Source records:
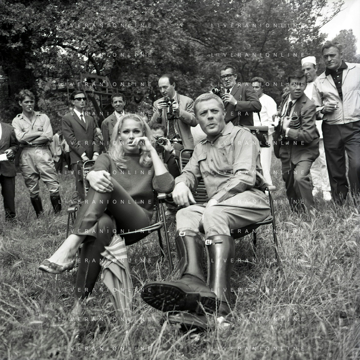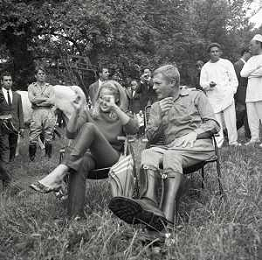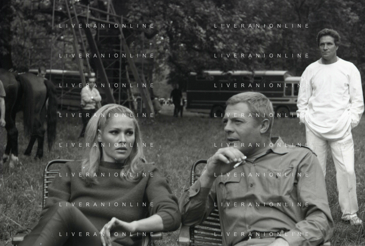 NEG-RETROSPETTIVA MARCELLO MASTROIANNI ATTORE NELLA FOTO MARCELLO MASTROIANNI CON URSULA ANDRESS SUL SET DEL FILM “ LA DECIMA VITTIMA“ NELL'ANNO 1965 AG ALDO LIVERANI SAS
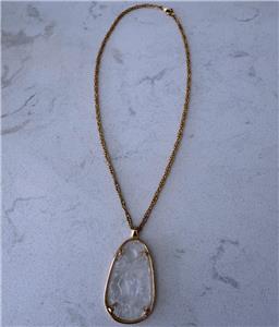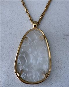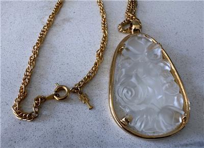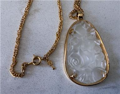 VINTAGE TRIFARI GLASS FLOWER NECKLACE PENDANT w/ TRIFARI HANG TAG 18" CHAIN.EXCELLENT CONDITION.
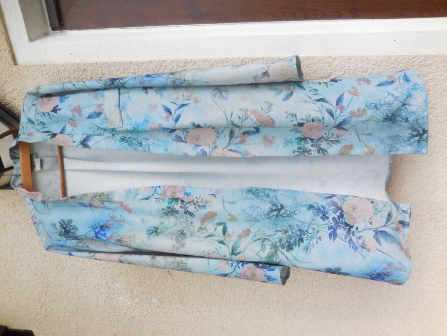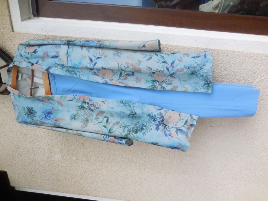 Zelo lepo ohranjen, ni podložen in ni raztegljiv, Jakna je zelo dolga, brez gumbov, ob strani ima 2 žepa. Hlače se zapenjajo spredaj na zadrgo.
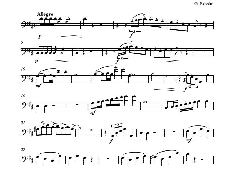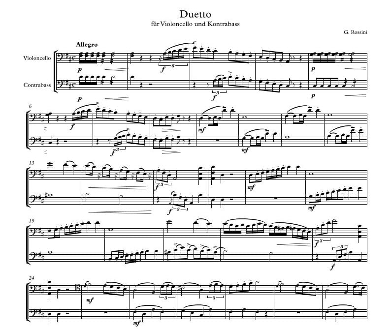 Eines der bekanntesten Originalwerke für Violoncello und Kontrabass. Und in typisch rossinischer Manier: Musikalisch leichtfüßig, eingängig beschwingt und unschuldig. Dabei sind beide Stimmen gleichwertig anspruchsvoll. Diese Ausgabe enthält eine Lesepartitur und für jedes Instrument eine blätterbare(!) Einzelstimme. Die Kontrabass-Stimme liegt in Orchesterstimmung vor.
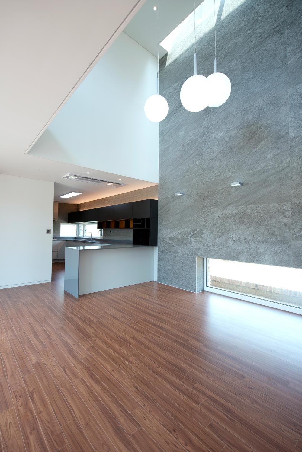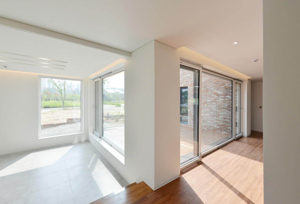 The internal private region was protected by deploying the surround rooms to the perimeter of the site. Also, a living room, which was a concept taken form that of a traditional detached house, was located at the boundary between the interior and exterior areas. This space was planned to be a room for an elderly parent. It is expanded horizontally by connecting the external courtroom and the dining room where the family spends the most time. Inside, we created a central space allowing the light through an open void up to the second floor.
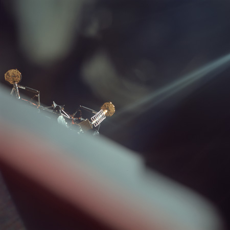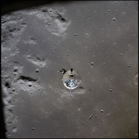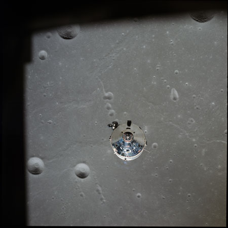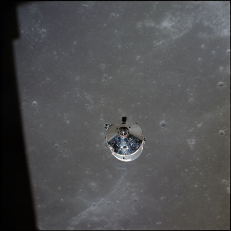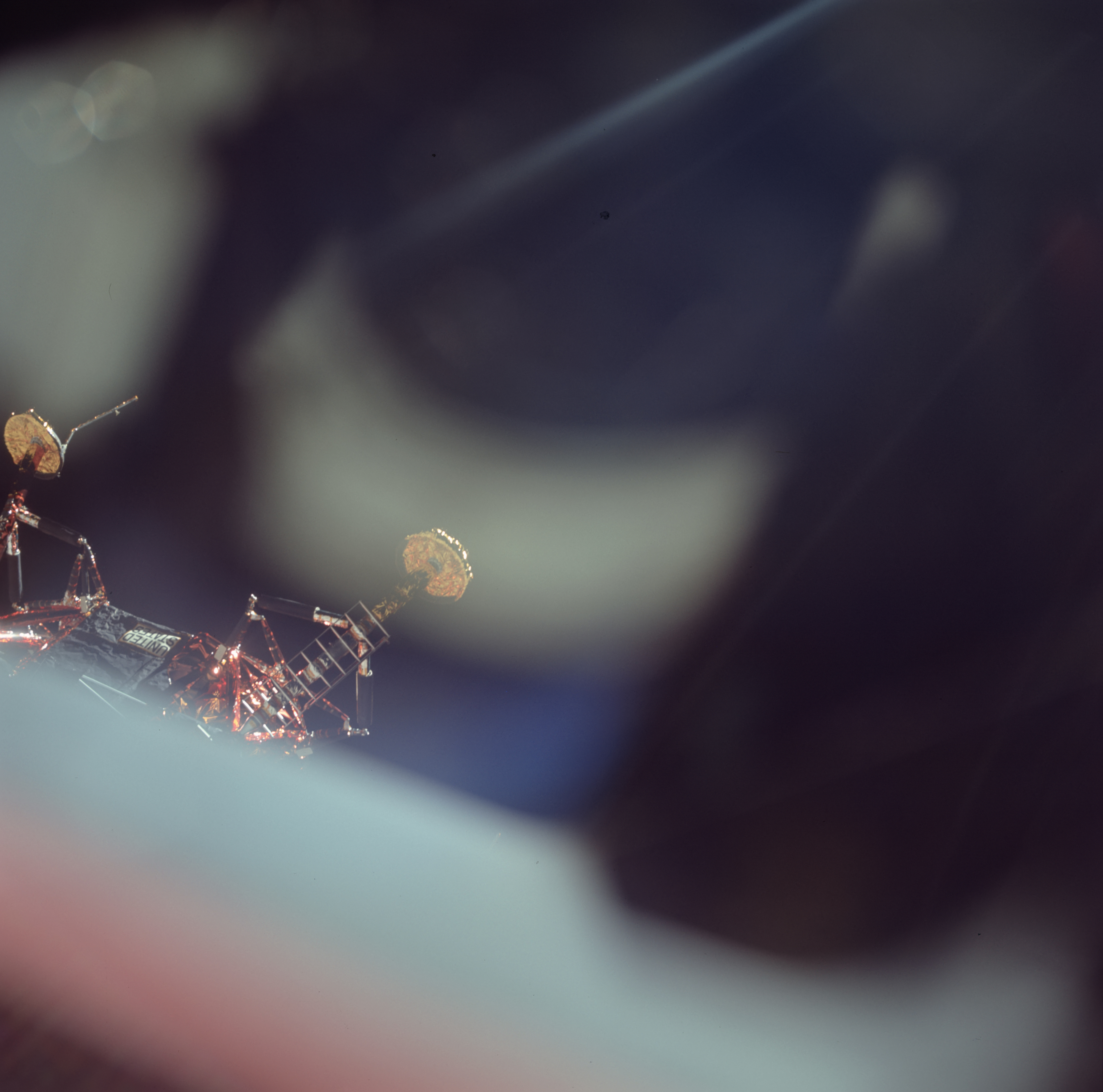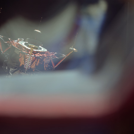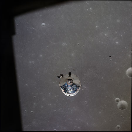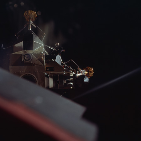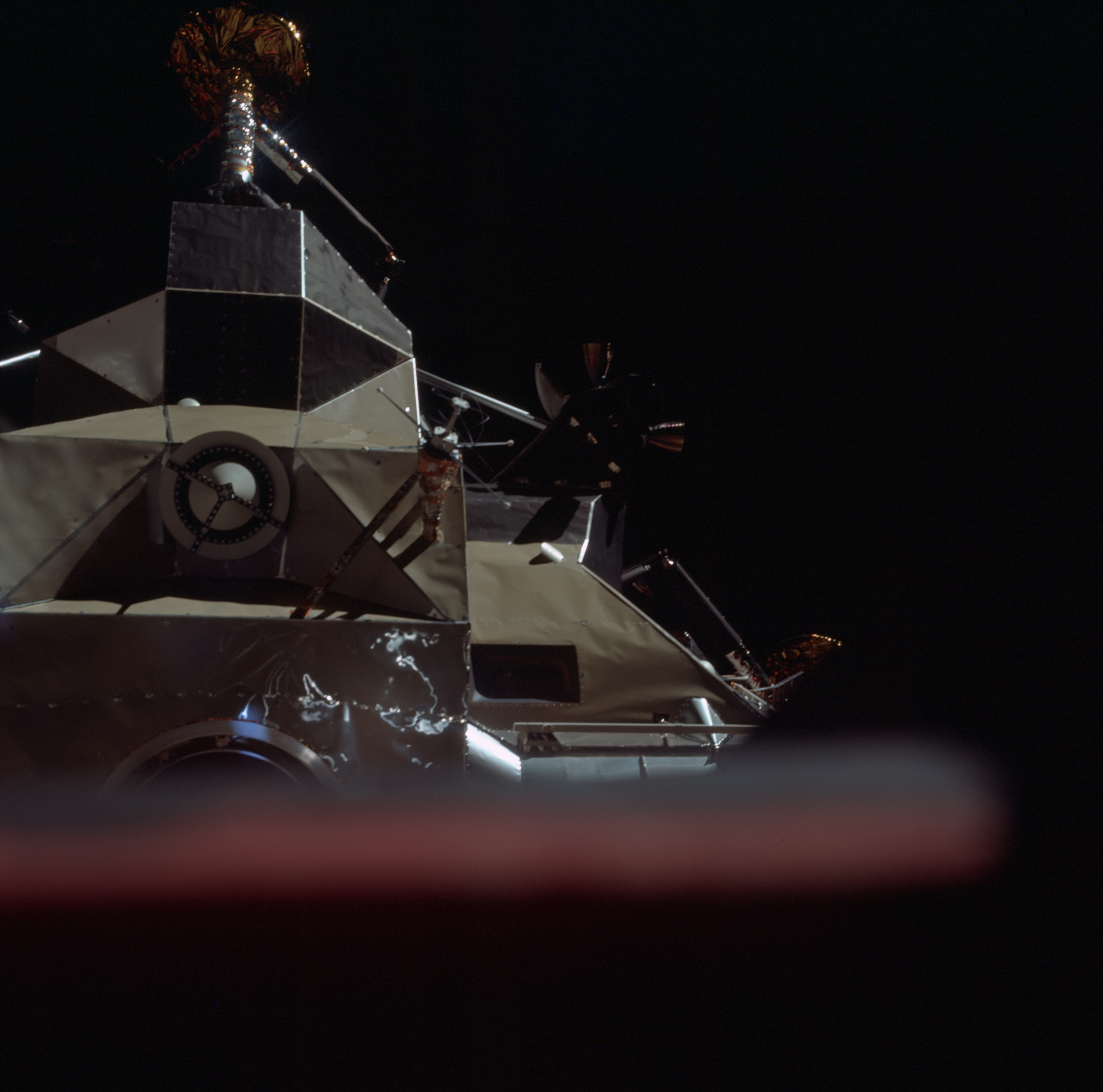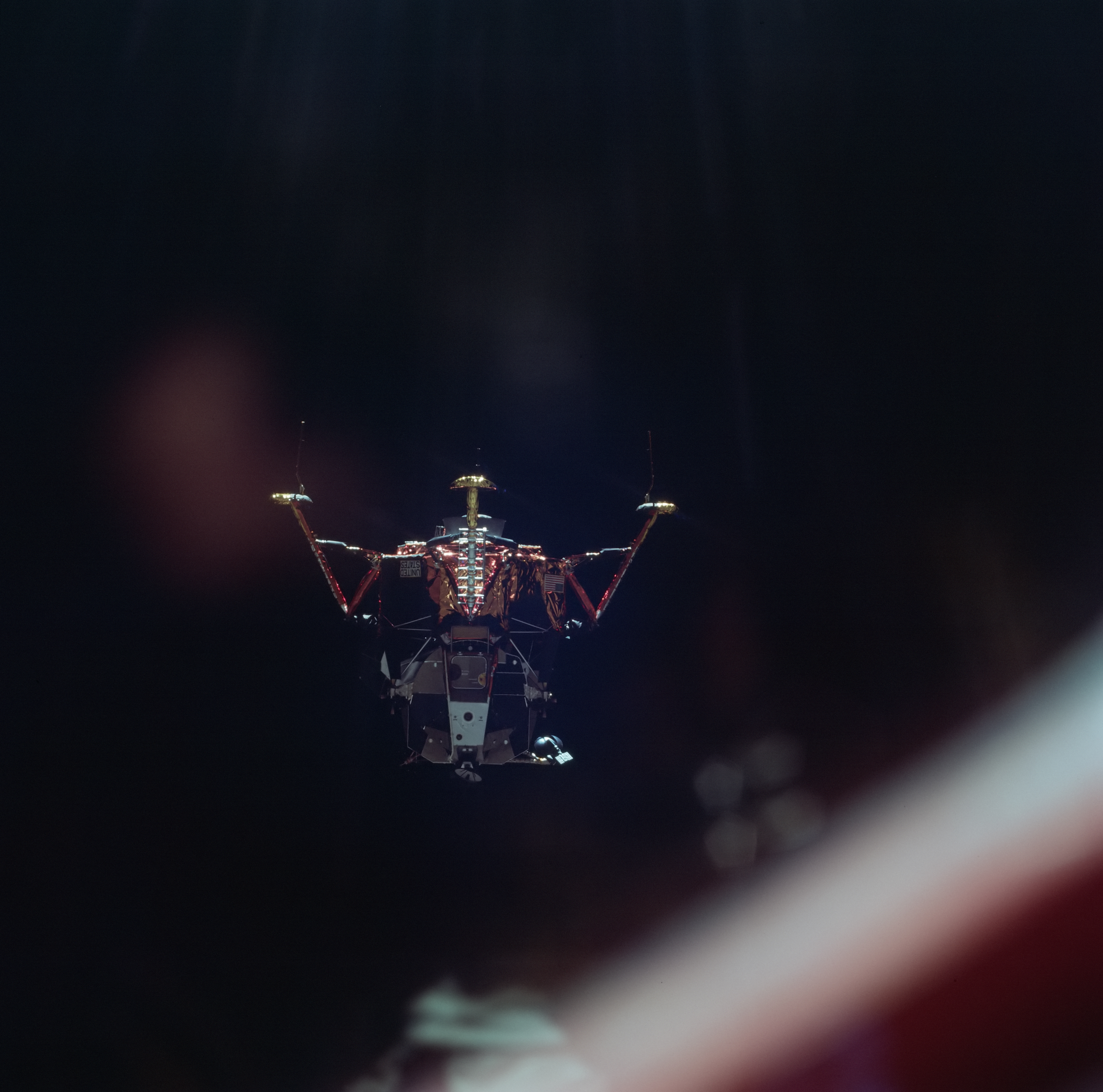Mike films the undocking using a 16-mm Maurer movie camera. Known by NASA as a Data Acquisition Camera (DAC), its removable magazine, serial 'C', is loaded with Ektachrome-type reversal film. As the LM moves away, Neil rotates the lander to allow Mike to inspect its exterior and in particular, to ensure that the four landing gear are properly deployed.

## WHAT IS NEEDED
Type the records out again in full, exactly, with each picture omitted.

## ANSWER SPACE
 NEG-RETROSPETTIVA MARCELLO MASTROIANNI ATTORE NELLA FOTO MARCELLO MASTROIANNI CON URSULA ANDRESS SUL SET DEL FILM “ LA DECIMA VITTIMA“ NELL'ANNO 1965 AG ALDO LIVERANI SAS
 VINTAGE TRIFARI GLASS FLOWER NECKLACE PENDANT w/ TRIFARI HANG TAG 18" CHAIN.EXCELLENT CONDITION.
 Zelo lepo ohranjen, ni podložen in ni raztegljiv, Jakna je zelo dolga, brez gumbov, ob strani ima 2 žepa. Hlače se zapenjajo spredaj na zadrgo.
 Eines der bekanntesten Originalwerke für Violoncello und Kontrabass. Und in typisch rossinischer Manier: Musikalisch leichtfüßig, eingängig beschwingt und unschuldig. Dabei sind beide Stimmen gleichwertig anspruchsvoll. Diese Ausgabe enthält eine Lesepartitur und für jedes Instrument eine blätterbare(!) Einzelstimme. Die Kontrabass-Stimme liegt in Orchesterstimmung vor.
 The internal private region was protected by deploying the surround rooms to the perimeter of the site. Also, a living room, which was a concept taken form that of a traditional detached house, was located at the boundary between the interior and exterior areas. This space was planned to be a room for an elderly parent. It is expanded horizontally by connecting the external courtroom and the dining room where the family spends the most time. Inside, we created a central space allowing the light through an open void up to the second floor.
Mike films the undocking using a 16-mm Maurer movie camera. Known by NASA as a Data Acquisition Camera (DAC), its removable magazine, serial 'C', is loaded with Ektachrome-type reversal film. As the LM moves away, Neil rotates the lander to allow Mike to inspect its exterior and in particular, to ensure that the four landing gear are properly deployed.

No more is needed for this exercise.